#### [Your instructions]
Every line of the material must be restated exactly, though not its pictures.

#### [Dataset extract]
.....
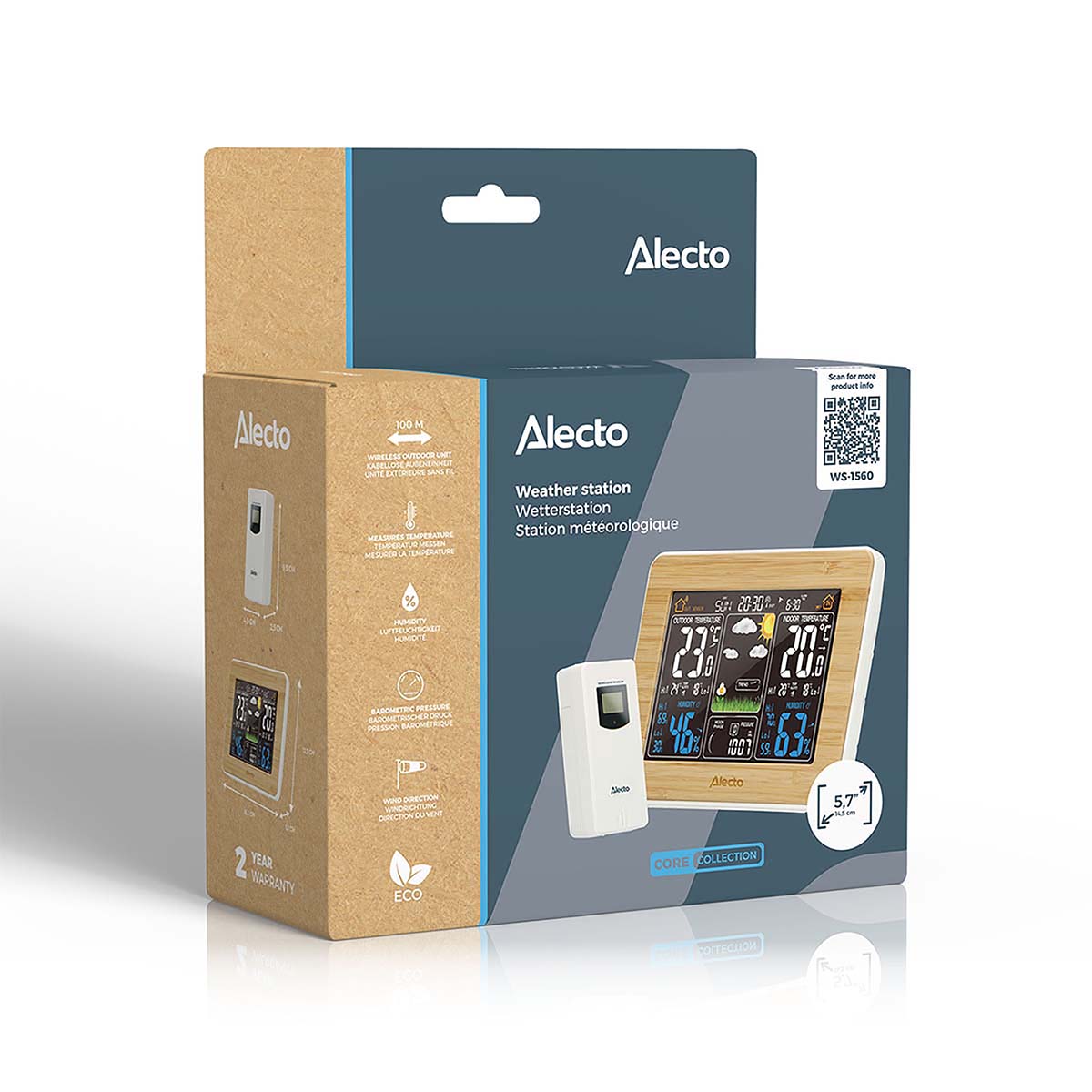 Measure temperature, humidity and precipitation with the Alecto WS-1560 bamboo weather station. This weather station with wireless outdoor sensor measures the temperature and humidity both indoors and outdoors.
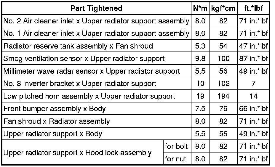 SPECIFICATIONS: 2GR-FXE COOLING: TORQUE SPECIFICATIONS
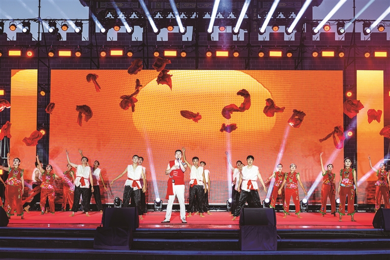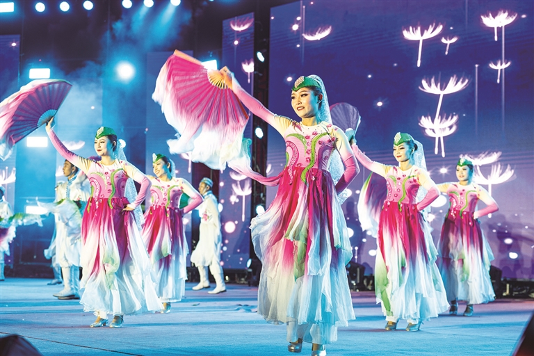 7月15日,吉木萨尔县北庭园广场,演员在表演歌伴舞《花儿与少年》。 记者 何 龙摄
.....
#### [Reply]
 Measure temperature, humidity and precipitation with the Alecto WS-1560 bamboo weather station. This weather station with wireless outdoor sensor measures the temperature and humidity both indoors and outdoors.
 SPECIFICATIONS: 2GR-FXE COOLING: TORQUE SPECIFICATIONS
 7月15日,吉木萨尔县北庭园广场,演员在表演歌伴舞《花儿与少年》。 记者 何 龙摄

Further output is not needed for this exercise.